Colorado has now stepped back from being the first state to potentially remove custody from parents who use their child’s legal name instead of their chosen identity, after a lengthy overnight legislative session led to the passage of HB 25-1312 without the contentious “deadnaming” clause.
The House had previously approved the full version of the bill along party lines, drawing national scrutiny and even concern from its own backers. One Colorado, a key advocacy group, shifted its stance—causing confusion among bill sponsors—by telling The Denver Post it feared the measure could compromise “existing protections” and invite legal challenges, referencing insights from “expert LGBTQIA+ lawyers.”

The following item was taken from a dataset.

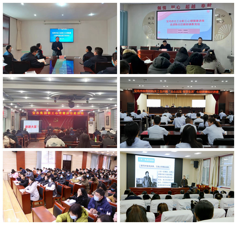 教育学院组织教学经验丰富的彭志启、郭智慧、杨亚锋、许婧4名心理学专业教师分别为西凤酒厂、宝鸡市总工会职工互助保障培训班、宝鸡市税务局、长安银行宝鸡分行、宝鸡市自来水公司、宝鸡市儿童福利院、宝鸡市万和实业公司、姜谭高级中学、新建路中学、宝鸡市龙山小学、经二路小学、陈仓区拓石镇第二九年制学校、陈仓区新街镇教育组、陈仓区千渭初级中学等企事业单位做了职工心理健康教育公益讲座。讲座内容涉及“健康心态,幸福人生”“ 为心赋能,提升职业幸福感”“ 与情绪压力共舞,做幸福员工”“ 心理健康与压力应对”“ 教师心理健康与压力应对”“ 培养积极思维,提升职业幸福”“ 放松减压团体OH卡牌的探索与实践”“学生常见心理问题的识别与应对”等内容。
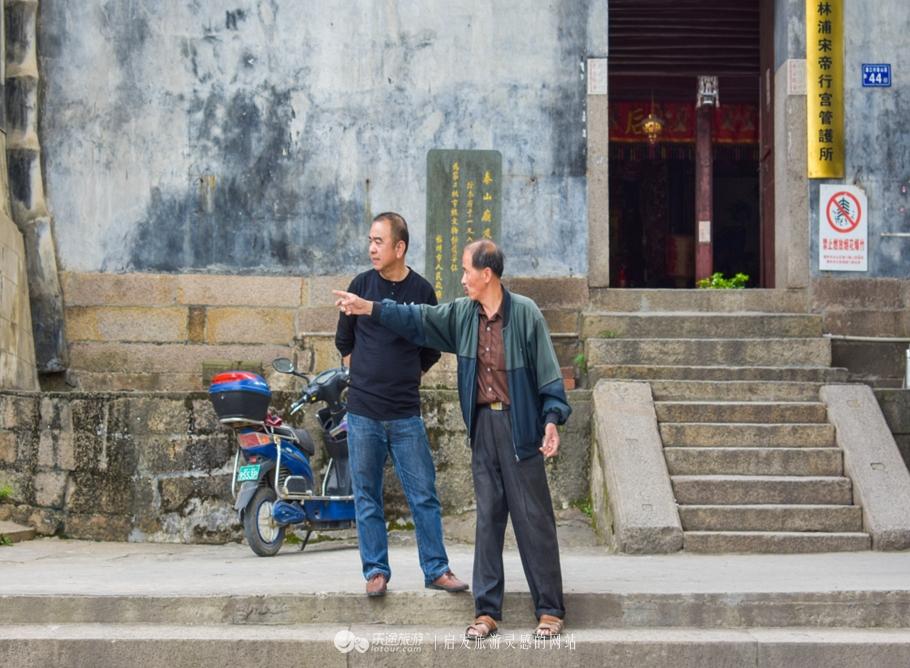 走到大殿外宋帝行宫又是另一番景象,殿外石砌平台,周围石栏,威武的石狮镇守于宫前,甚为壮观。前面有三棵古榕树,虬干盘挚,绿荫翁地。当地的林浦人饶有兴致的向我们讲述宋帝行宫的过往,话语之中全是对这个南宋末代小朝廷的褒奖,宋帝行宫是一个王朝的覆灭,为何林浦人对南宋君臣都大加赞赏呢?

At Wednesday’s state Senate Judiciary Committee hearing, opponents vastly outnumbered supporters, with a nearly 10-to-1 speaker ratio, according to the Denver Catholic. Among the voices against the bill was the Colorado Catholic Conference, which argued that it enshrines bias against those “with a different belief about human sexuality” than that endorsed by the state.
Lawmakers ultimately passed the bill early Thursday morning, having removed its most hotly debated elements—including penalties for parents in custody battles who “deadname” or “misgender” children. However, details about what other changes were made remain unclear, and the official legislative website had not posted the final version as of Sunday.
Meanwhile, the U.S. Supreme Court is set to weigh in on another Colorado statute this term—one that bans conversion therapy for minors struggling with their gender identity or sexual orientation. That law, which challenges parental rights and religious freedom, mirrors similar legislation in roughly 20 other states.
The controversy surrounding HB 25-1312 marked a turning point for some Democratic lawmakers, suggesting to critics that they may have overreached. As KKTV reported, Colorado Springs District 11 Board Secretary Jason Jorgenson warned that even saying “one wrong thing at home” or seeking non-affirmative counseling for a gender-questioning child could expose parents to legal risks.
In a gripping account shared during the hearing, Erin Lee testified that her then-12-year-old daughter attempted suicide after school officials covertly “coached” her on how to access gender-affirming care, including obtaining a “care letter” for hormone treatment. Now 16 and thriving, Lee said using her daughter’s birth name “saved her from being a lifelong medical patient,” according to Denver Catholic.
Although senators eliminated the bill’s “coercive control” provision—which would have favored affirming parents in custody disputes—critics remain concerned about what’s left. These include provisions that shield parents who give children hormones or blockers from legal actions in states where such practices are restricted.
Among the approved amendments, some clarify that while public agencies, employers, and housing providers may use legal names for identification, repeated instances of “deadnaming” or “misgendering” after being informed of an individual’s preference can legally be considered discriminatory behavior.